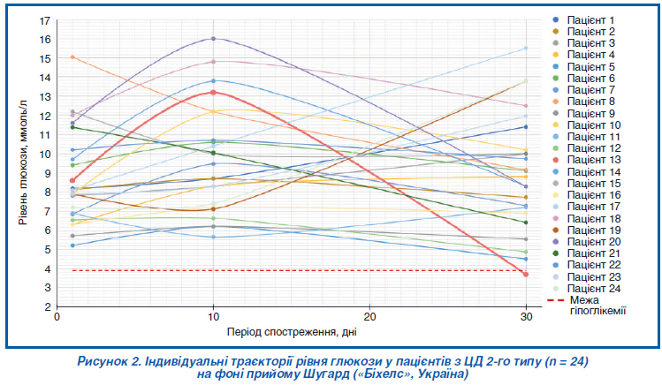 Складність патогенезу цукрового діабету та необхідність терапії протягом всього життя обумовлюють потребу в пошуку безпечних і ефективних додаткових засобів підтримки метаболічного контролю. Нутрицевтики з доведеною гіпоглікемічною активністю є перспективним напрямком цієї додаткової складової. З огляду на багатофакторність цукрового діабету використання дієтичної добавки Шугард («Біхелс», Україна), до складу якої входять рослинні компоненти, піколінат хрому та вітамін D, впливає на основні патогенетичні ланки захворювання, зокрема постпрандіальну глікемію, секрецію інсуліну, інсулінорезистентність та запальні процеси. Клінічні спостереження підтвердили її безпеку у стандартному дозуванні як доповнення до основної терапії, без значних побічних ефектів і коливань глікемії. Водночас для остаточного підтвердження ефективності та довгострокової безпеки необхідні масштабніші та триваліші дослідження, зокрема контроль глікованого гемоглобіну, біохімічних та антропометричних показників.
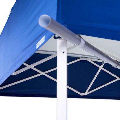 Шатрата модел Квадрат 3х3м веднага грабва вниманието с привличащата окото форма и се отличава от класическите шатри. Тя е не само квадратна, но също така притежава плосък покрив и широки стрехи. Благодарение на уникалната си форма шатрата Квадрат е особено подходяща за пазарска шатра, изложбена шатра или шатра за събития.
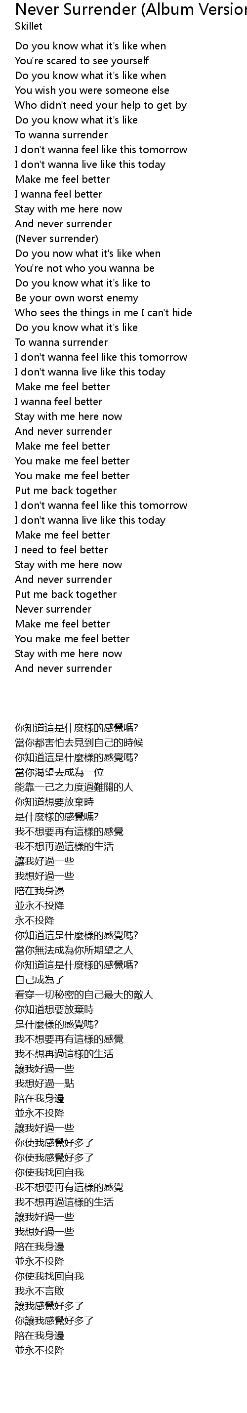 | [00:44.120] | To wanna surrender |
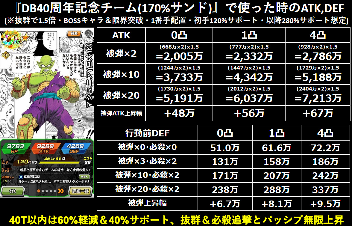 『パッシブ無限上昇&ダメージ60%軽減』で1番手を守りつつ、裏まで届くサポートと抜群&連撃火力で戦うDB40周年記念キャラクターです。
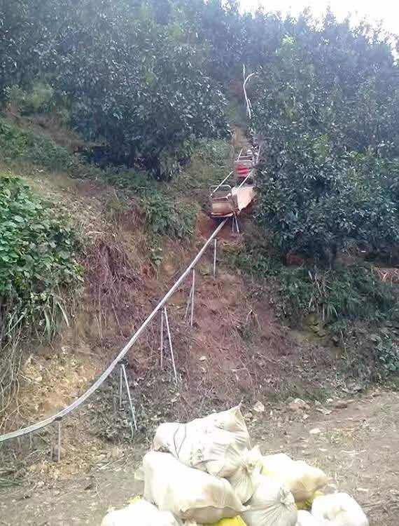 設(shè)備能夠改變原始落后的生產(chǎn)方式降低勞動強度,提高勞動效率,降低果實收獲和果園使用的肥料的運輸成本,產(chǎn)品可以不受地形、坡度、土質(zhì)的影響自由鋪設(shè)軌道實現(xiàn)方便、安全、靈活的運送果實及肥料。運行坡度可達60度,載物總重量可達500公斤,在下雨、下雪引起的沖刷道路及冬季地面結(jié)冰條件下都能長時間正常工作。
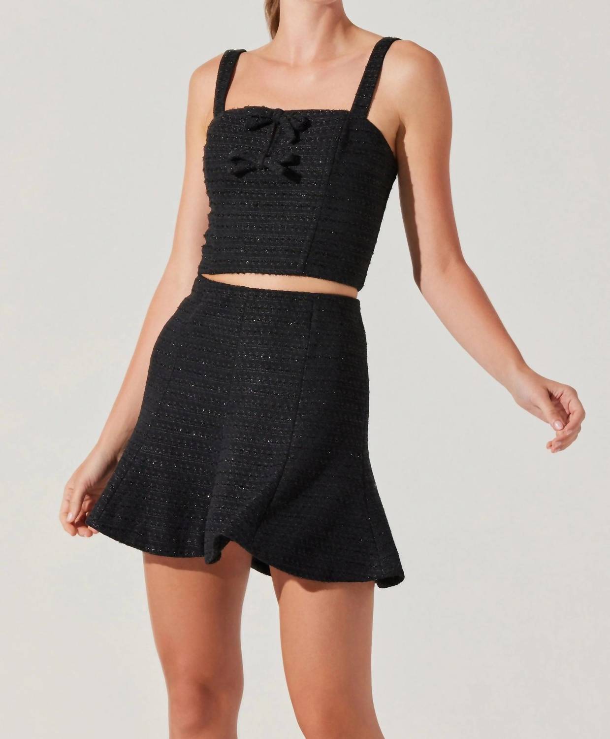 Loungewear doesn't have to be frumpy and this is exactly what we had in mind. Designed for a comfortable fit, this chic little number will be your favorite lounging-at-home look. Elevate your loungewear collection with the ASTR Kiona Tweed Bow Set in Black. This sleeveless set, featuring a tweed bow top and fit and flare mini skirt, is crafted from 100% polyester and fully lined for added comfort. The top boasts a decorative double bow detail, a keyhole opening at the center bust, elasticized back, and exposed zipper closure, while the skirt offers a concealed back zipper. Designed for occasion-ready style, this maximalist set is perfect for a spring dinner party and requires dry cleaning to maintain its shimmer.
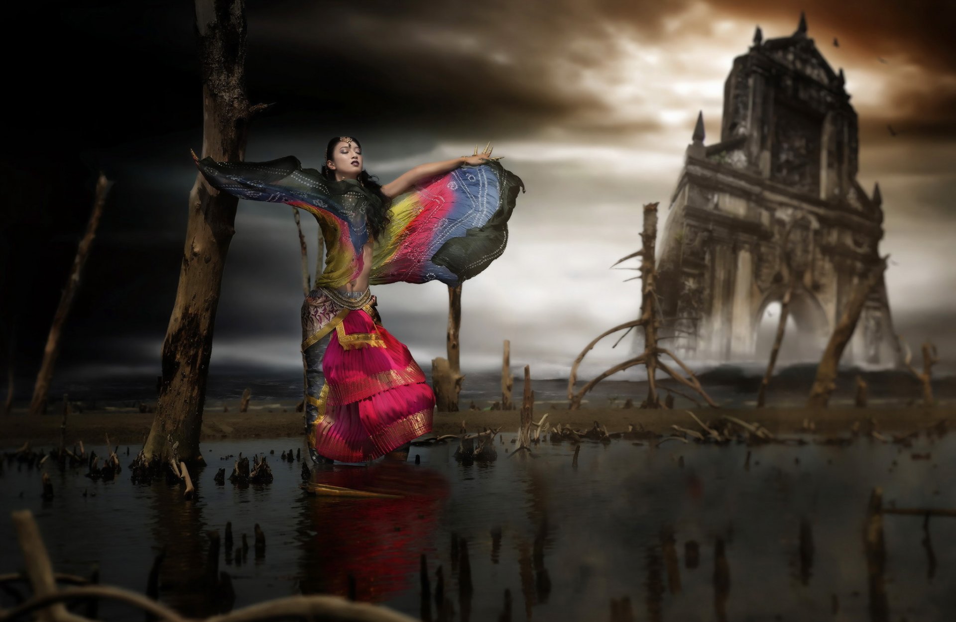 Bailarina bailando en el fondo de un lago bajo la lunaBailarina bailando en el fondo de un lago bajo la Luna
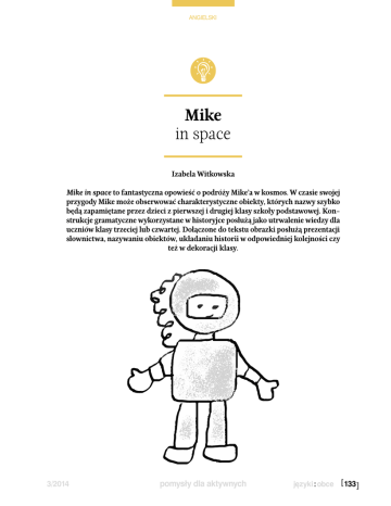 ANGIELSKI Mike in space Izabela Witkowska Mike in space to fantastyczna opowieść o podróży Mike’a w kosmos. W czasie swojej przygody Mike może obserwować charakterystyczne obiekty, których nazwy szybko będą zapamiętane przez dzieci z pierwszej i drugiej klasy szkoły podstawowej. Konstrukcje gramatyczne wykorzystane w historyjce posłużą jako utrwalenie wiedzy dla uczniów klasy trzeciej lub czwartej. Dołączone do tekstu obrazki posłużą prezentacji słownictwa, nazywaniu obiektów, układaniu historii w odpowiedniej kolejności czy też w dekoracji klasy. 3/2014 pomysły dla aktywnych [ 133 ] ANGIELSKI [ 134 ] Look at the smile on Mike’s face, he is going into space! His silver spaceship is great! Time for the countdown: nine, eight… seven… let’s start the mission… six… to visit the station… five… it’s next to Mars… four… and between the stars… three, two, one, lift off, fly high! See you Mike, take care, goodbye! Now, it’s quiet, very still, there’s no weight that Mike can feel. pomysły dla aktywnych 3/2014 ANGIELSKI That’s the Sun, a big light ball, from the Earth it looks so small. That grey object is the Moon. Lucky Mike will land there soon. -What’s that planet? – I don’t know. -Are there aliens? – I hope so. They are green and have three eyes but they’re nice and friendly guys. Look! Here’s the comet with its tail, behind is a shining trail. Mike enjoys the life in space but he finally leaves this place. 3/2014 pomysły dla aktywnych [ 135 ] ANGIELSKI What can you see in space? Po zapoznaniu dzieci z historyjką możemy popracować nad utrwaleniem kluczowych słów kojarzących się z kosmosem. Ćwiczenie dla uczniów klasy drugiej będzie polegało na rozszyfrowaniu nazw obiektów w kosmosie. Przedstawiamy dzieciom słowa o zmienionej kolejności liter, a następnie prosimy, by pracowały w parach i poprawnie napisały (rozszyfrowały) wyrazy. MSAR MARS SNU SUN STRA STAR SAPCESHPI SPACESHIP AILESN ALIENS CMETO COMET PALNTE PLANET ERTHA EARTH MNOO MOON The final countdown Każde dziecko już w pierwszej klasie potrafi liczyć do dziesięciu, ale może propozycja liczenia w odwrotną stronę okaże się pewnym wyzwaniem? W historyjce Mike przed startem słyszy odliczanie: nine,… one, lift off, fly high. Ten fragment będzie wielokrotnie powtarzany przez uczniów w czasie wykonywania następującego zadania. Przed planowaną lekcją prosimy dzieci o przygotowanie papierowych samolocików. Dzieci siadają w kółku, na środku siada osoba, która będzie odliczała nine, eight, seven, …….., one, nauczyciel dopowie lift off, fly high. W tym czasie uczniowie siedzący w kole ze swoimi samolotami zapisują na nich wybrane słowo z historyjki. Na hasło fly high uczniowie wyrzucają w górę swoje samoloty. Kiedy samoloty [ 136 ] wylądują na podłodze, każdy uczeń podnosi jeden dowolny i odczytuje zapisane na nim słowo oraz je tłumaczy. Czynność powtarzamy z tymi samymi samolotami lub tworzymy nowe. Moonwalk Każdy uczeń wciela się w rolę pewnego obiektu kosmicznego. Wśród nich są: SUN (jedna osoba), EARTH (jedna osoba), MOON (jedna osoba), COMET (jedna osoba), MARS (jedna osoba); kilka osób prezentować będzie: STARS, SPACESHIPS, STATIONS; pozostałe osoby nazwiemy kolorowymi planetami, tak by każdy uczeń miał swoją rolę: BLUE PLANET, GREEN PLANET, YELLOW PLANET itd. Po przydzieleniu ról (dla pewności możemy przygotować wizerunki obiektów i przypiąć dzieciom do ubrań) prosimy, by dzieci stanęły w dogodnej pozycji w klasie i udawały spowolniony spacer w kosmosie. Następnie nauczyciel wydaje konkretne polecenia: Sun, stand still! – Słońce staje nieruchomo na środku klasy, pozostali spacerują. Earth, turn around the Sun! – Ziemia zaczyna obracać się wokół Słońca. Moon, turn around the Earth! – Księżyc krąży wokół Ziemi. Stars, shine bright! – gwiazdy migocą, dzieci machają rękami. Spaceships, lift off! – statki startują, uczniowie mogą też dodać dźwięki silników. Mars, turn around the Sun! – Mars obraca się wokół Słońca. Stations, move to Mars! – stacje kosmiczne przemieszczają się w stronę Marsa. Blue planet, spin right! – niebieska (lub innego wybranego koloru) planeta obraca się w prawo, inne planety obracają się w lewo. Comet, fly fast! – kometa szybko leci. Nauczyciel może zmienić kolejność wydawanych poleceń, zwłaszcza że „obiektom kosmicznym” może zakręcić się w głowie. Taka zabawa nie tylko służy utrwaleniu słownictwa, ale również przedstawia pewne zasady funkcjonowania kosmosu. Karta pracy Materiał w formacie A4 do pobrania ze strony www.jows.pl Izabela Witkowska Nauczycielka języka angielskiego w szkole podstawowej. Jej wielkim zainteresowaniem, z którego czerpie wiele satysfakcji, jest pisanie rymowanych bajek i wierszyków. Dziecięcy entuzjazm, zachwyt oraz słowa Proszę Pani, jeszcze raz są dla niej największą motywacją do pracy. Jest także autorką wielu podobnych materiałów edukacyjnych. pomysły dla aktywnych 3/2014
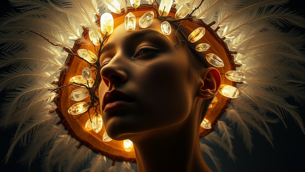A surreal fashion photography scene featuring a wooden slice embedded with glowing crystals, illuminating a person's face. This ethereal composition blends fine feather details with organic, nature-inspired forms, creating a striking contrast between light and dark. The ephemeral installation showcases intricate depictions of nature, embodying a dreamlike atmosphere, while the glowing crystals cast a mystical aura around the subject, highlighting delicate textures and soft contours.
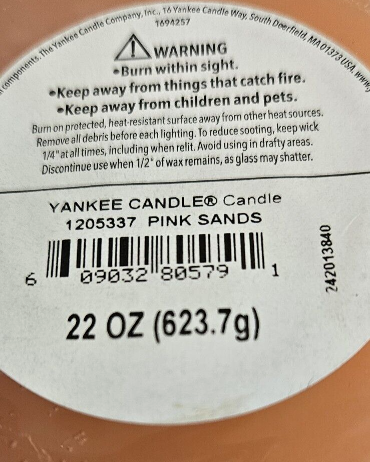 Yankee Candle Pink Sands Scented, Single Wick Candle 22oz Large Jar
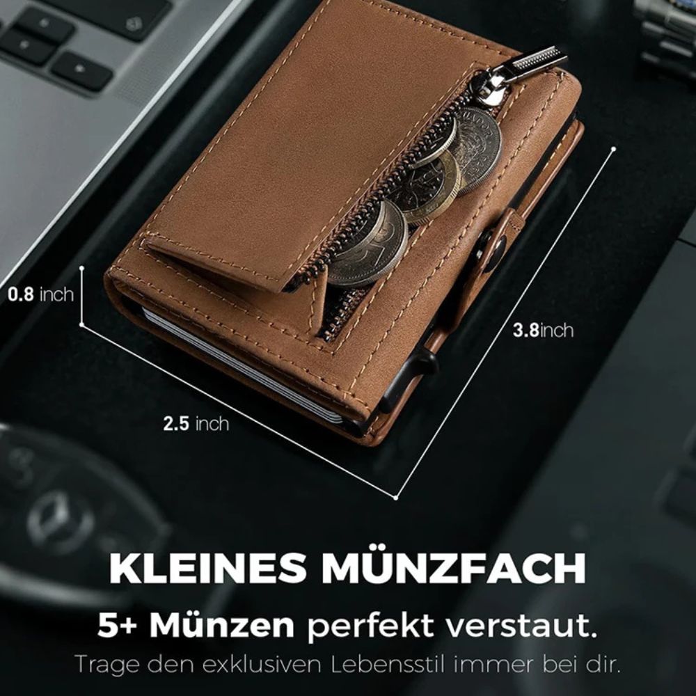 Slim, elegant design: With the innovative pop-up mechanism, the wallet is particularly compact (9.6 x 6.5 x 2cm) and fits effortlessly into any pocket.
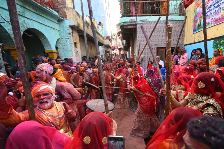 The women were from Nandgaon, the legendary hometown of Krishna, and the men were from Radha’s hometown of Barsana – twin towns about 115km (70 miles) south of the capital New Delhi.
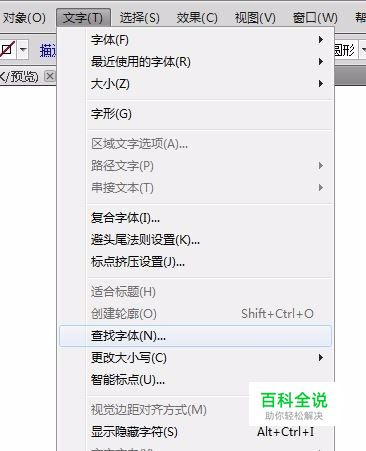 在菜单栏中选择文字-查找字体
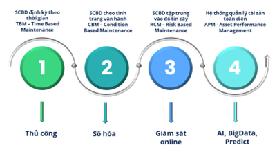Qua quá trình nghiên cứu, học tập các Công ty Điện lực tiên tiến trên thế giới, EVNHCMC nhận thấy: (i) sửa chữa bảo dưỡng là một nhân tố quan trọng trong việc quản lý tài sản; (ii) xu thế hiện nay của các Công ty Điện lực trên thế giới là nâng cấp dần sửa chữa bảo dưỡng từ theo định kỳ theo thời gian (TBM) sang theo tình trạng vận hành (CBM), rồi đến tập trung vào độ tin cậy (RCM), và cao hơn là xây dựng và áp dụng một hệ thống Quản lý tài sản toàn diện (Asset Performance Management System - APMS); (iii) xu hướng chuyển đổi số áp dụng trong sửa chữa bảo dưỡng từ thủ công đến số hóa, giám sát online và áp dụng công nghệ AI, BigData, Predict.
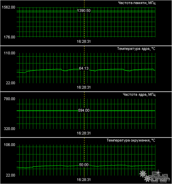 А вот у X1650 XT пока сложилось все не очень хорошо, немного проиграл конкуренту. Но преимущество над X1650 PRO впечатляет.
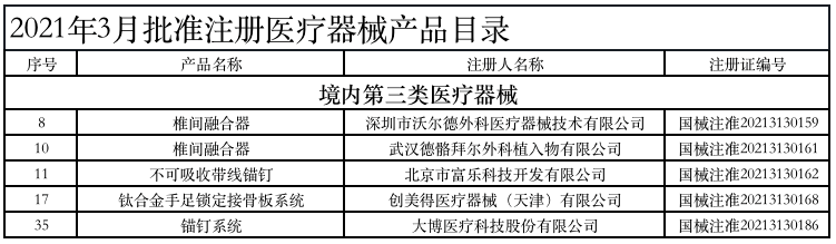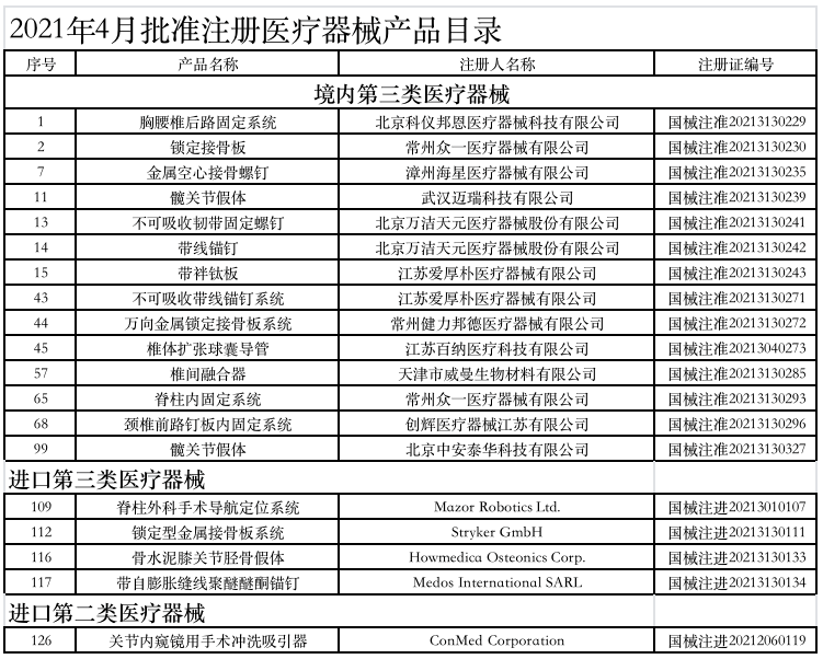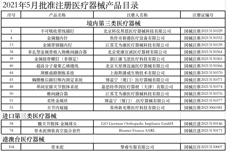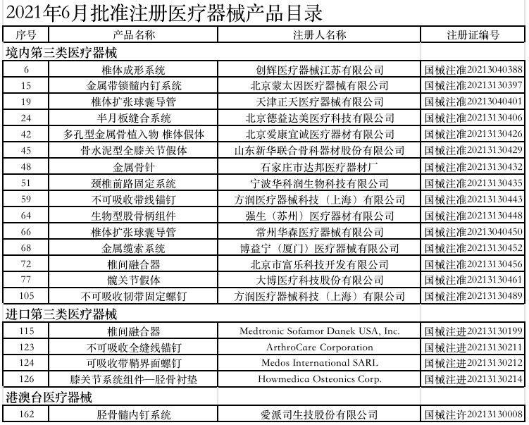 附:2021年1-6月获批的骨科医疗器械产品
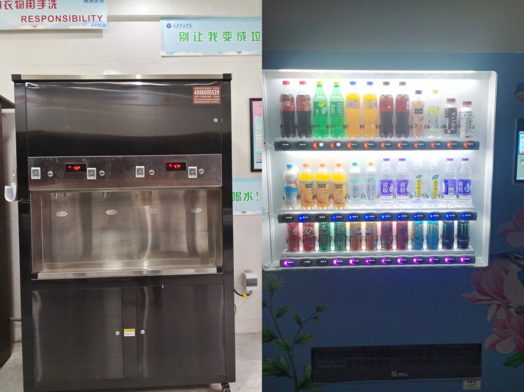 每栋公寓楼内均设有洗衣机、烘干机、洗鞋机、自动售卖机、直饮水机,以上设施设备会有专人进行定期清洗、消毒和维护保养,同学们可通过扫描机器上二维码放心使用。
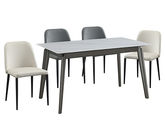 B系优选 现代简约 餐桌:12mm亮光奶油色岩板面+高密度板+烤漆+不锈钢脚 餐椅:铁艺框架+西皮靠背 1.4米餐桌+4把餐椅(含底板)
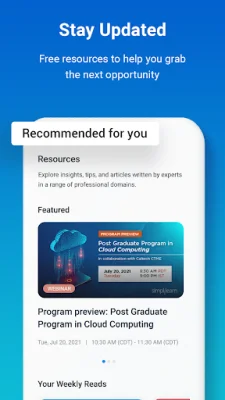 As a student with Simplilearn, you'll also enjoy a variety of perks. Our platform offers incredible growth opportunities through standard video content, top-notch mentorship from industry specialists, and 24x7 support. You'll also have access to over 100 e-books and 500+ articles, as well as immensely educational Skillup Bytes and job vacancy alerts.

WHAT TO DO
Nothing but the lines from the beginning of the material through the line with "設(shè)備能夠改變原始落" should appear, printed exactly, with no pictures among them.

OUTPUT OF THE TASK
 Складність патогенезу цукрового діабету та необхідність терапії протягом всього життя обумовлюють потребу в пошуку безпечних і ефективних додаткових засобів підтримки метаболічного контролю. Нутрицевтики з доведеною гіпоглікемічною активністю є перспективним напрямком цієї додаткової складової. З огляду на багатофакторність цукрового діабету використання дієтичної добавки Шугард («Біхелс», Україна), до складу якої входять рослинні компоненти, піколінат хрому та вітамін D, впливає на основні патогенетичні ланки захворювання, зокрема постпрандіальну глікемію, секрецію інсуліну, інсулінорезистентність та запальні процеси. Клінічні спостереження підтвердили її безпеку у стандартному дозуванні як доповнення до основної терапії, без значних побічних ефектів і коливань глікемії. Водночас для остаточного підтвердження ефективності та довгострокової безпеки необхідні масштабніші та триваліші дослідження, зокрема контроль глікованого гемоглобіну, біохімічних та антропометричних показників.
 Шатрата модел Квадрат 3х3м веднага грабва вниманието с привличащата окото форма и се отличава от класическите шатри. Тя е не само квадратна, но също така притежава плосък покрив и широки стрехи. Благодарение на уникалната си форма шатрата Квадрат е особено подходяща за пазарска шатра, изложбена шатра или шатра за събития.
 | [00:44.120] | To wanna surrender |
 『パッシブ無限上昇&ダメージ60%軽減』で1番手を守りつつ、裏まで届くサポートと抜群&連撃火力で戦うDB40周年記念キャラクターです。
 設(shè)備能夠改變原始落后的生產(chǎn)方式降低勞動強度,提高勞動效率,降低果實收獲和果園使用的肥料的運輸成本,產(chǎn)品可以不受地形、坡度、土質(zhì)的影響自由鋪設(shè)軌道實現(xiàn)方便、安全、靈活的運送果實及肥料。運行坡度可達60度,載物總重量可達500公斤,在下雨、下雪引起的沖刷道路及冬季地面結(jié)冰條件下都能長時間正常工作。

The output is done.